Only with this particular change undone:
Reviewed-by: Jan Beulich <jbeulich@suse.com>

Otherwise you and Roger (who needs to at least ack the change anyway) will
need to sort that out, with me merely watching.

Jan
Roger Pau Monné Jan. 27, 2025, 2:41 p.m. UTC | #2
On Mon, Jan 27, 2025 at 03:20:40PM +0100, Jan Beulich wrote:
> On 23.01.2025 04:50, Jiqian Chen wrote:
> > v5->v6 changes:
> > * Changed "1UL" to "1ULL" in PCI_REBAR_CTRL_SIZE idefinition for 32 bit architecture.
> > * In rebar_ctrl_write used "bar - pdev->vpci->header.bars" to get index instead of reading
> >   from register.
> > * Added the index of BAR to error messages.
> > * Changed to "continue" instead of "return an error" when vpci_add_register failed.
> 
> I'm not convinced this was a good change to make.
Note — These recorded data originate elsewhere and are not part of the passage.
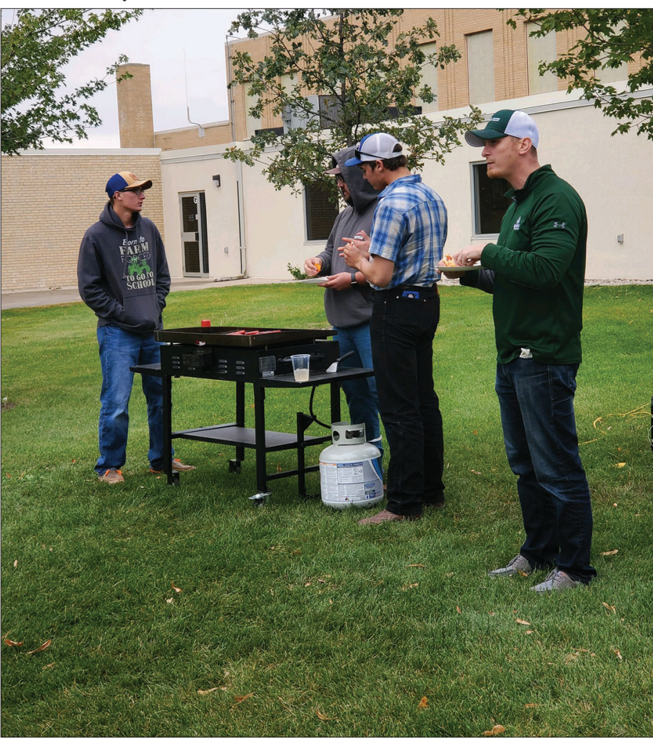
The BSC Agriculture Club treated guests to tailgating events before game time.

Bump, Pet, Spike night at the BSC Armory. Monetary donations and items were collected to benefit local rescue Furry Friends Rockin' Rescue.
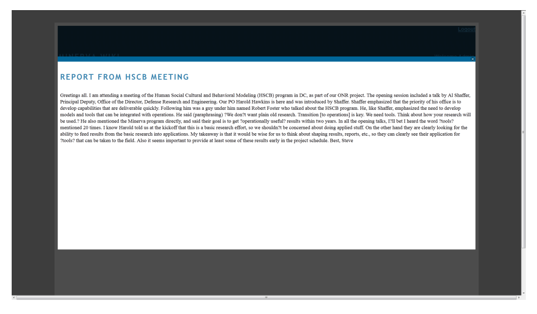
Figure 6.3 Screenshot of the Email content page for a Single email
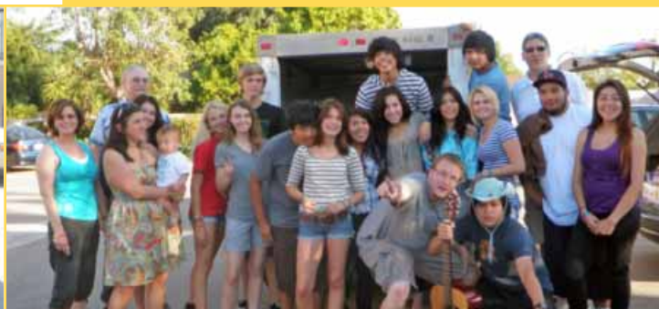
Journey Takers Caravan

1. She lives in the southern hemisphere where the seasons are reversed from those in the U.S. 2. A potato 3. The library—it has the most stories 4. You probably are playing Monopoly 5. One. It doesn't say that the people he met along the way were going to St. Ives 6. Water 7. Only once. After that, you will be subtracting 5 from 20, then 5 from 15, etc. 8. Only one (the last one) 9. There are no penguins in the Arctic; they are native to Antarctica
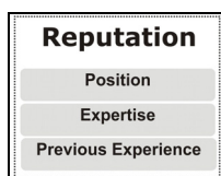
Figure 2: Reputation module.

Taking all these factors into account we have defined an own “concept of reputation” (see Figure 2).
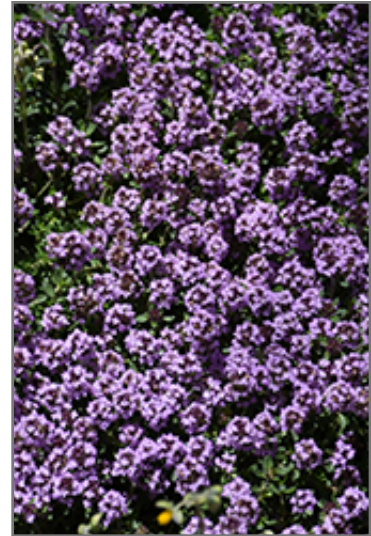
Pink Chintz Creeping Thyme flowers
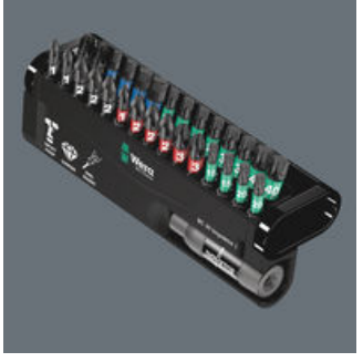
The Bit-Checks can be positioned upright at the workplace so the tool is always quickly to hand.
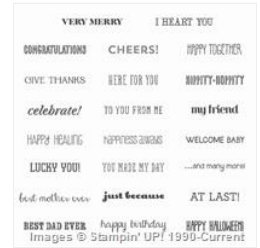
And Many More Clear-Mount Stamp Set - 134276
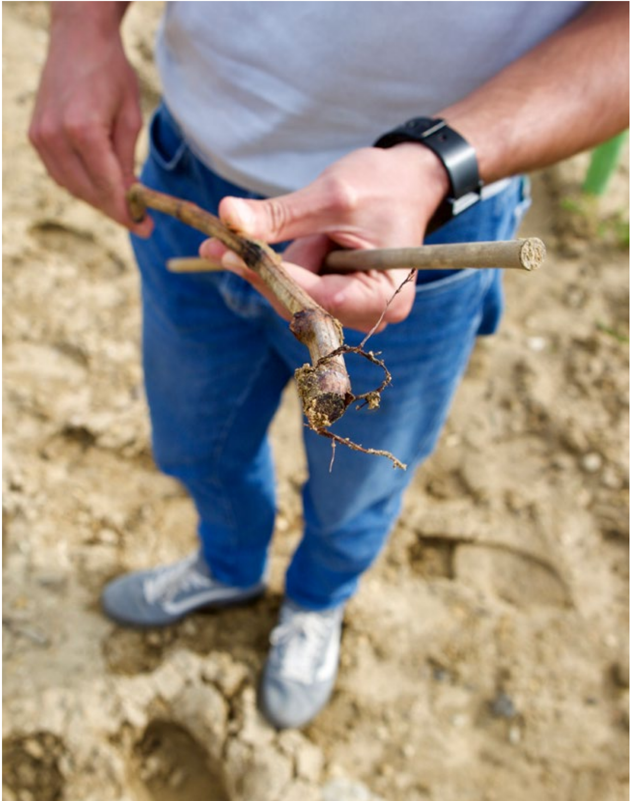
QUINTA DE SAN MICHEL UNGRAFTED VINES IN COLARES, PORTUGAL
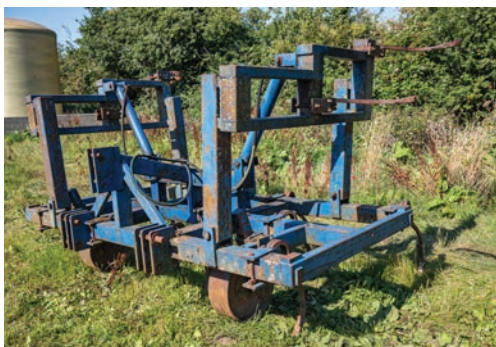
Blench pig tail tines, 4 metre, depth wheel, hydraulic folding, 3-point linkage mounted.
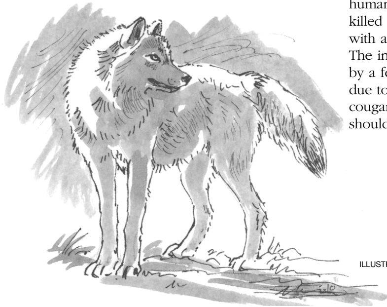
ILLUSTRATIONS BY JOAN OUELLETTE
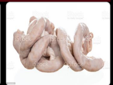
PORK INTESTINE Tough and firm and must be cooked thoroughly
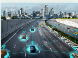
HD Mapping & Autonomy
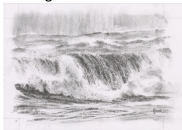
Millook Eowyn 2
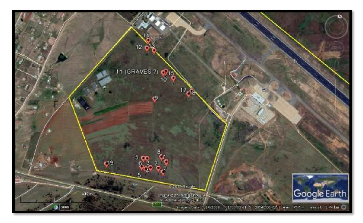
Figure 3. Google Earth Imagery showing the location of abandoned homesteads on Plot 2 (65Ha)
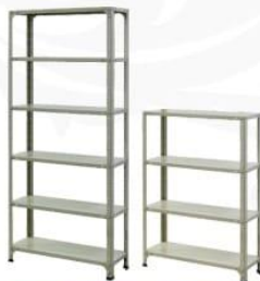
SLOTTED ANGLED RACK

MATERIAL: M.S. C.R. SHEET TYPE OF FINISH: SPRAY PAINTED & POWDER COATED
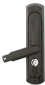
Double bit lock

Various locks & keys possible (example : 455/405/1242E/421...)
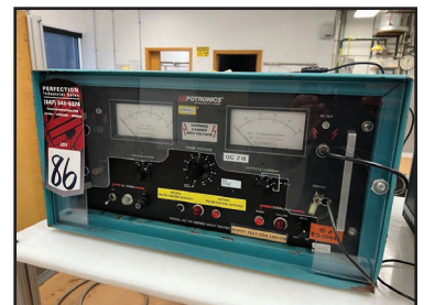
HIPOTRONICS HD100 HIPOT TESTER
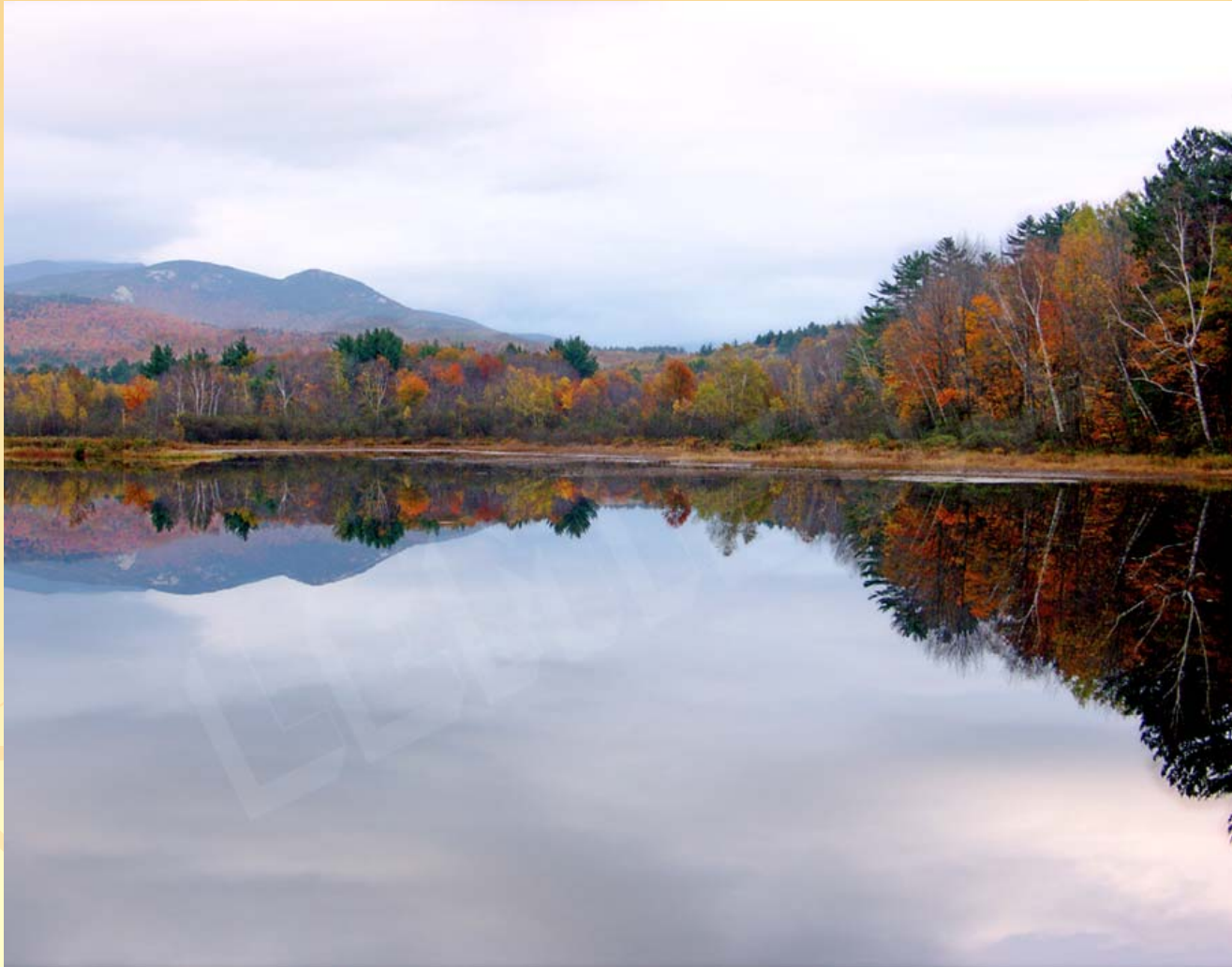
Reflections of Autumn by Peter Lemiska. Color photograph of a northern NH landscape in autumn.
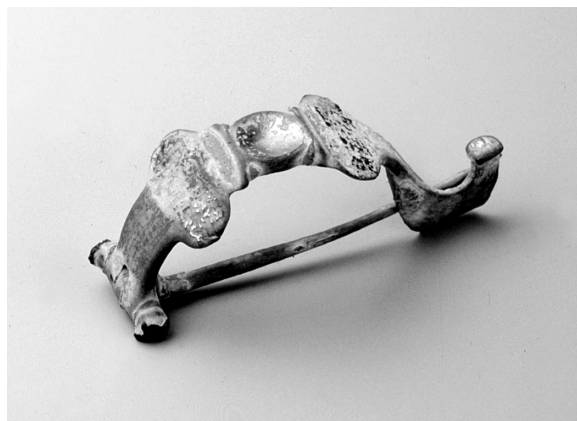
Fig. 5: Photograph of brooch No. 11. Not to scale. Photographic archive of the Archaeological Department of the National Museum of Slovenia (photo Tomaž Lauko).

11. Brooch, complete. Brass, the upper part of bow is tinned; the axis of the hinge is iron. The original surface is relatively well preserved in the tinned parts and in light green powdered corrosion (on the underside of the bow it is covered with a thin layer of earth), which in places (on part of the foot, pin, and a small part of the underside area of the bow) has been rubbed off down to brown corrosion on the metal core. Cast and hammered. The badly preserved decoration on the bow was probably chased. On the outside of the knobbed ends of the hinge, corrosion from the iron axis of the hinge is clear. Length 51 mm, width 15.5 mm.
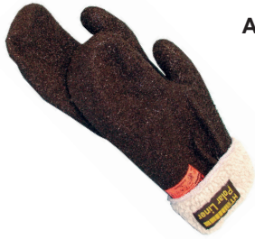
Polar Mitts with Acrylic Pile Insulated Lining Sizes: (1)Large, (2)XLarge V6F-GL
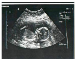
ultrasound, 17 weeks
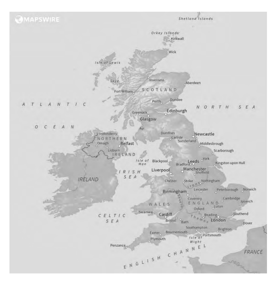
Country Background Information
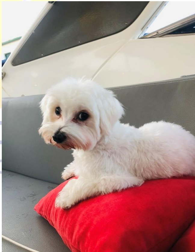
Nalla relaxing on her favorite pillow 🐾

Dogs are not like people, and sometimes, due to their age or their feelings, they might not be able to control their needs. We suggest that you make sure that your dog is properly potty trained, plan short sailing trips so the dog can go out for a walk, and as mentioned above, have some dog diapers along. Please note that the dog should not pee anywhere on the yacht, not even on hard surfaces inside our outside the yacht, except on their dog diapers (as an emergency solution). If you bring along your cats, a frequently cleaned cat litter box on the exterior space of the yacht would be enough.
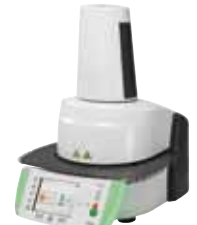
Programat EP 5000/G2

While ...
> 
> > +static int cf_check init_rebar(struct pci_dev *pdev)
> > +{
> > +    uint32_t ctrl;
> > +    unsigned int nbars;
> > +    unsigned int rebar_offset = pci_find_ext_capability(pdev->sbdf,
> > +                                                        PCI_EXT_CAP_ID_REBAR);
> > +
> > +    if ( !rebar_offset )
> > +        return 0;
> > +
> > +    if ( !is_hardware_domain(pdev->domain) )
> > +    {
> > +        printk(XENLOG_ERR "%pp: resizable BARs unsupported for unpriv %pd\n",
> > +               &pdev->sbdf, pdev->domain);
> > +        return -EOPNOTSUPP;
> > +    }
> > +
> > +    ctrl = pci_conf_read32(pdev->sbdf, rebar_offset + PCI_REBAR_CTRL(0));
> > +    nbars = MASK_EXTR(ctrl, PCI_REBAR_CTRL_NBAR_MASK);
> > +    for ( unsigned int i = 0; i < nbars; i++ )
> > +    {
> > +        int rc;
> > +        struct vpci_bar *bar;
> > +        unsigned int index;
> > +
> > +        ctrl = pci_conf_read32(pdev->sbdf, rebar_offset + PCI_REBAR_CTRL(i));
> > +        index = ctrl & PCI_REBAR_CTRL_BAR_IDX;
> > +        if ( index >= PCI_HEADER_NORMAL_NR_BARS )
> > +        {
> > +            printk(XENLOG_ERR "%pd %pp: too big BAR number %u in REBAR_CTRL\n",
> > +                   pdev->domain, &pdev->sbdf, index);
> > +            continue;
> > +        }
> > +
> > +        bar = &pdev->vpci->header.bars[index];
> > +        if ( bar->type != VPCI_BAR_MEM64_LO && bar->type != VPCI_BAR_MEM32 )
> > +        {
> > +            printk(XENLOG_ERR "%pd %pp: BAR%u is not in memory space\n",
> > +                   pdev->domain, &pdev->sbdf, index);
> > +            continue;
> > +        }
> 
> ... for these two cases we can permit Dom0 direct access because the BAR
> isn't going to work anyway (as far as we can tell), ...
> 
> > +        rc = vpci_add_register(pdev->vpci, vpci_hw_read32, vpci_hw_write32,
> > +                               rebar_offset + PCI_REBAR_CAP(i), 4, NULL);
> > +        if ( rc )
> > +        {
> > +            /*
> > +             * TODO: for failed pathes, need to hide ReBar capability
> > +             * from hardware domain instead of returning an error.
> > +             */
> > +            printk(XENLOG_ERR "%pd %pp: BAR%u fail to add reg of REBAR_CAP rc=%d\n",
> > +                   pdev->domain, &pdev->sbdf, index, rc);
> > +            continue;
> > +        }
> > +
> > +        rc = vpci_add_register(pdev->vpci, vpci_hw_read32, rebar_ctrl_write,
> > +                               rebar_offset + PCI_REBAR_CTRL(i), 4, bar);
> > +        if ( rc )
> > +        {
> > +            printk(XENLOG_ERR "%pd %pp: BAR%u fail to add reg of REBAR_CTRL rc=%d\n",
> > +                   pdev->domain, &pdev->sbdf, index, rc);
> > +            continue;
> > +        }
> 
> ... in these two cases we had an issue internally, and would hence wrongly
> allow Dom0 direct access (and in case it's the 2nd one that failed, in fact
> only partially direct access, with who knows what resulting inconsistencies).
> 
> Only with this particular change undone:
R> Reviewed-by: Jan Beulich <jbeulich@suse.com>
> 
> Otherwise you and Roger (who needs to at least ack the change anyway) will
> need to sort that out, with me merely watching.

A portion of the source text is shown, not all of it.